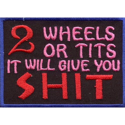 Biker Patch '2 WHEELS OR TITS IT WILL GIVE YOU SHIT' Sew or Iron On With Adhesive Backing
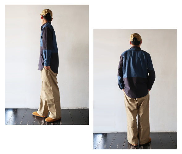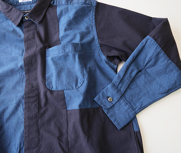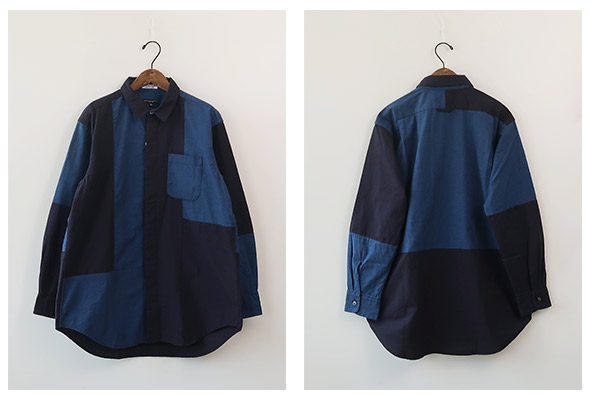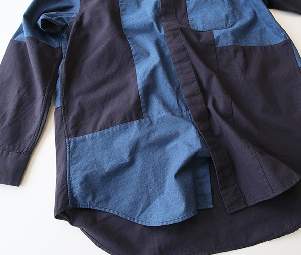 比翼仕立てによるドレッシーなデザインにパッチワークの遊び心をプラスしたショートカラーシャツ。
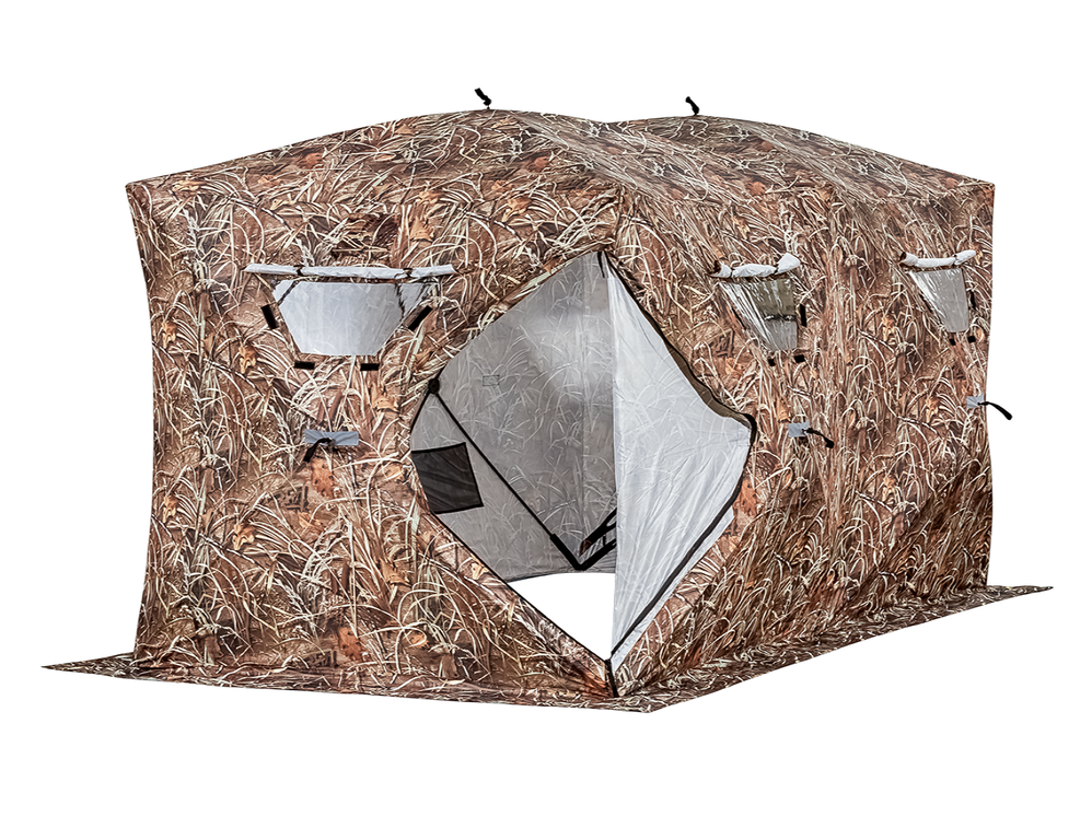 Зимняя палатка Higashi Camo Double Comfort с внешней стороны окрашена в защитный камуфляж "камыш, ветки и листья", изнутри полотно светлое (оборотная сторона принта). Камуфляжный окрас отлично подходит для охоты, чтобы укрыться в лесу или наоборот, чтобы быть заметным на рыбалке на льду (дополнительно снаружи предусмотрены светоотражатели). Модель Хигаши Камо Дабл Комфорт быстро собирается и разбирается благодаря конструкции хабов или другими словами «зонтичной». Размеры палатки 360х180х205 сантиметров. Длина считается по полу, включая ветрозащитные юбки. Высота любой секции 2,05 метра, считается по центральному потолочному хабу. Вместимость 4-6 человек со снаряжением. С учетом печи в палатке будет комфортно и в вечернее время (в зависимости от региона).
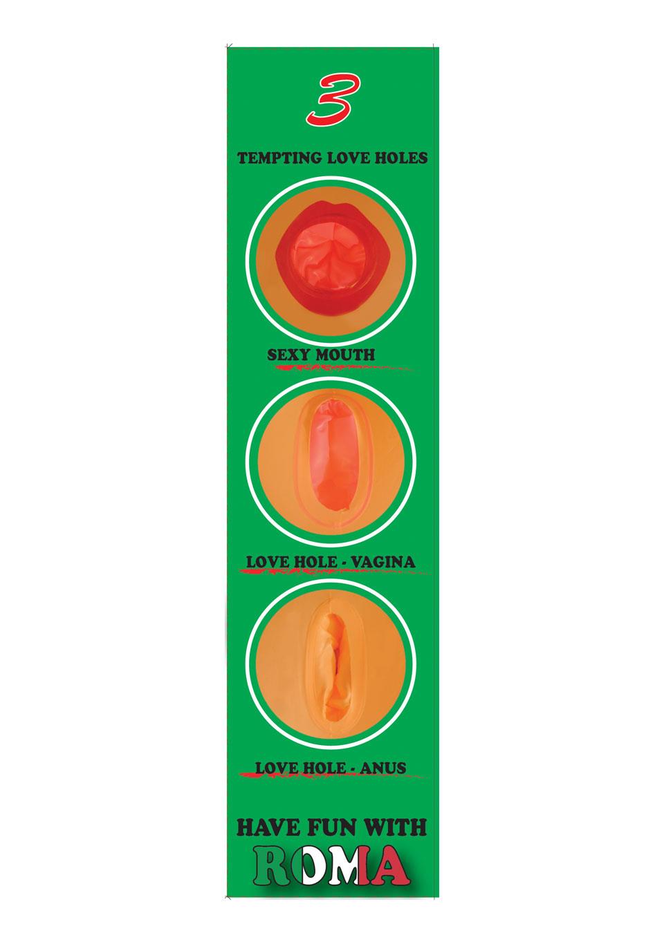 Piękna nadmuchiwana lalka miłości z czarującą nadrukowaną twarzą i stojącą pozycją, która kusi i wzbudza sensację. Jest ona naturalnych rozmiarów, posiada piersi i 3 kuszące dziurki miłosne, w których można umieścić penisa. W celu zapewnienia właściwej higieny, po każdym użyciu przemyć ciepłą wodą z mydłem i/lub zastosować środek do dezynfekcji. Stosować żel poślizgowy na bazie wody. Gadżet świetnie się sprawdzi jako śmieszny prezent na wieczór kawalerski, urodziny lub użyteczny gadżet łatwy do zabrania w każdą podróż służbową :)
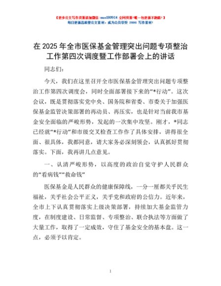 / 在2025年全市医保基金管理突出问题专项整治工作第四次调度暨工作部署会上的讲话
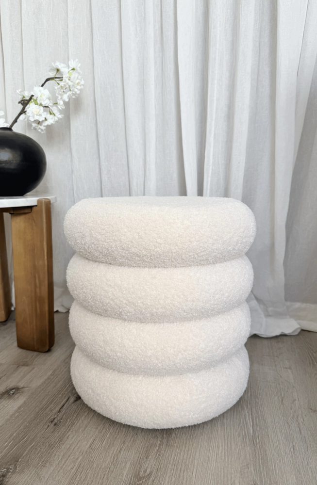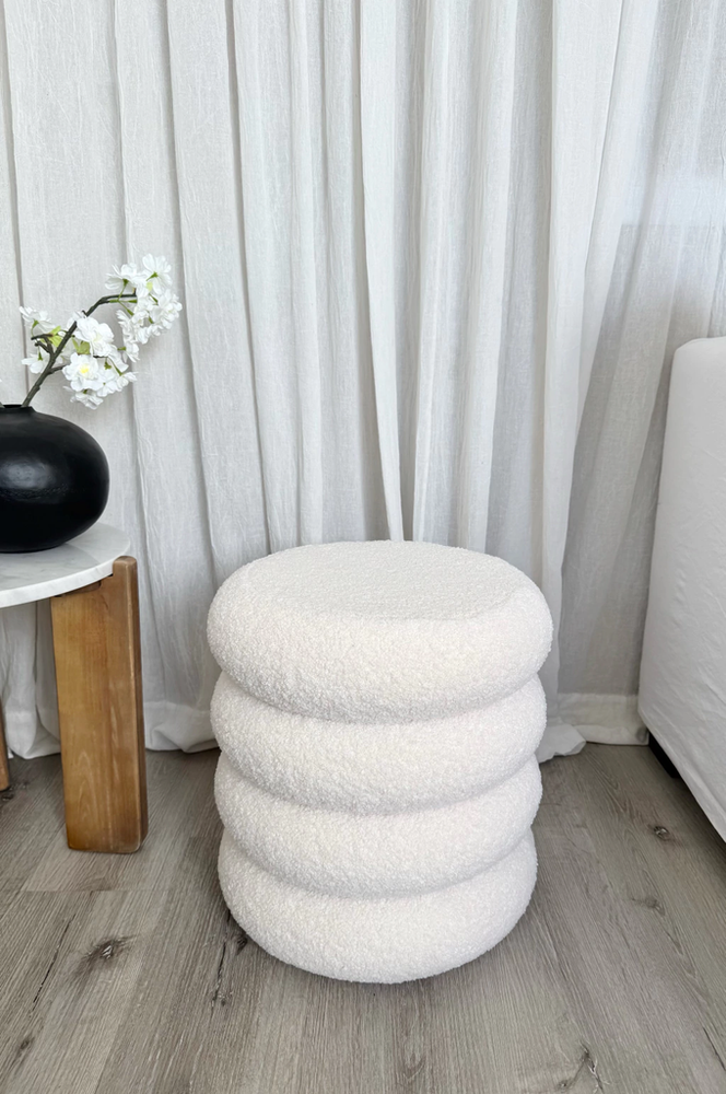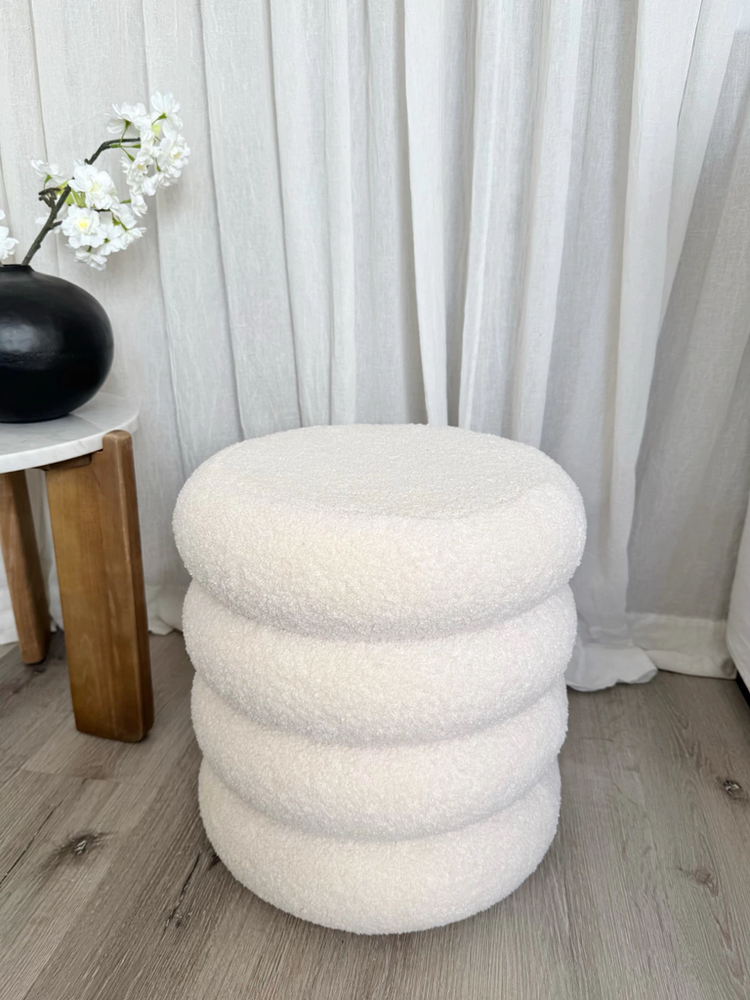 Puff de tela tipo teddy con círculos tipo aros color blanco
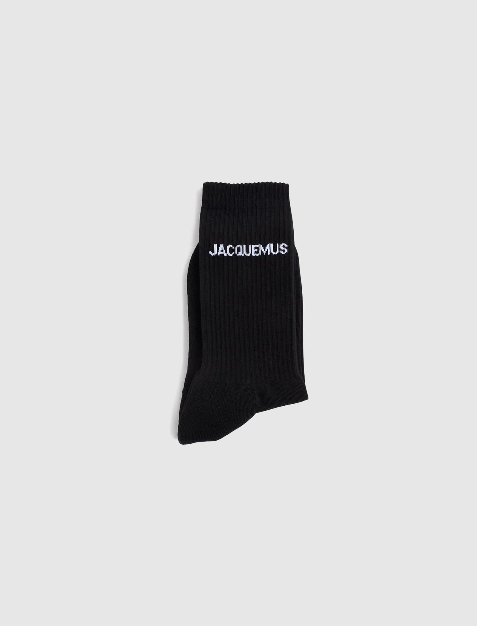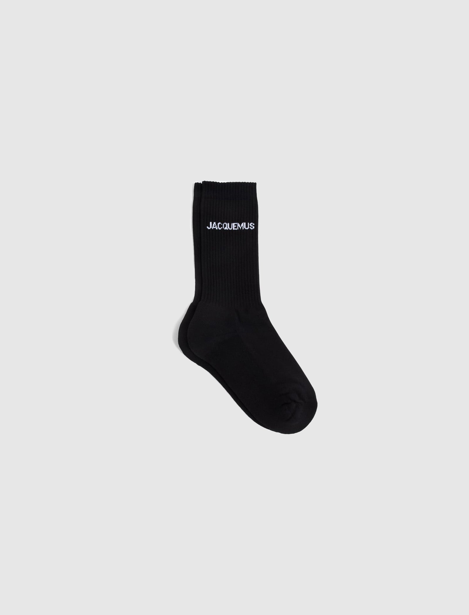 Experience socks redefined by Jacquemus. These mid-calf socks are made from flexible organic cotton jersey and highlight a striking logo on the rib-knit cuffs, combining comfort with distinctive style.
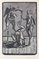 | Герман Паштов. Снегири. Обрезная ксилография. |
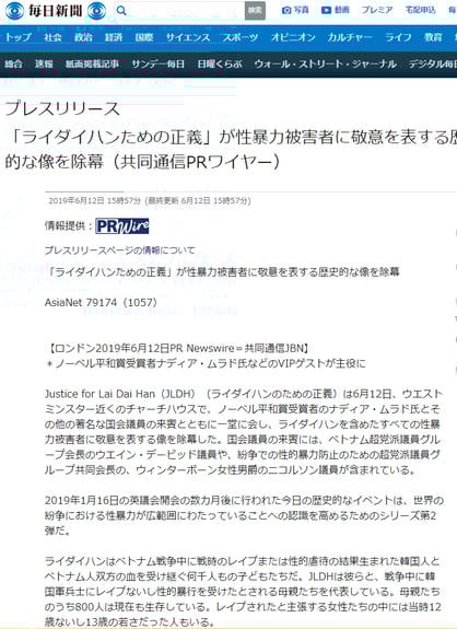 日本経済新聞や読売新聞もあまり取り上げていなかった「ライダイハン像」。
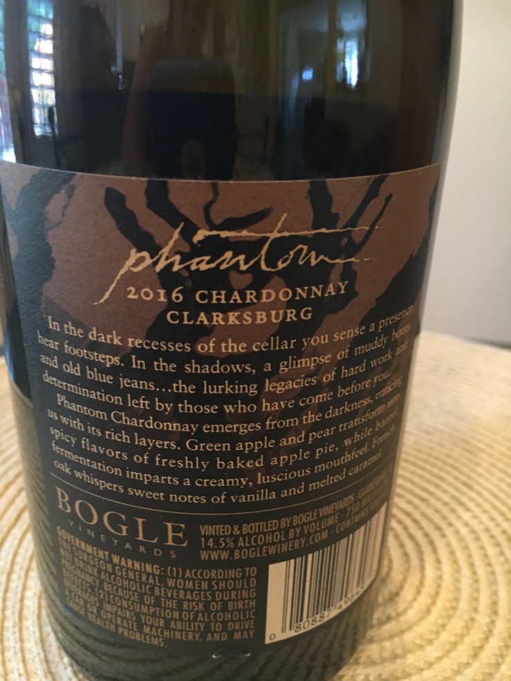Bogle Chardonnay is one of my all time favorite wines, so when the makers of Bogle introduced Phantom I just had to try it. If you are a Bogle fan I think you will enjoy it. It has all of the wonderful richness and flavors of Bogle, the butter, caramel, vanilla and ripe melon and it may be a slight cut above Bogle Chardonnay.

■ WHAT TO DO ■
With every picture omitted, write out the material exactly from its first line through the line containing "比翼仕立てによるドレッシーな".

■ SOLUTION BELOW ■
 Biker Patch '2 WHEELS OR TITS IT WILL GIVE YOU SHIT' Sew or Iron On With Adhesive Backing
 比翼仕立てによるドレッシーなデザインにパッチワークの遊び心をプラスしたショートカラーシャツ。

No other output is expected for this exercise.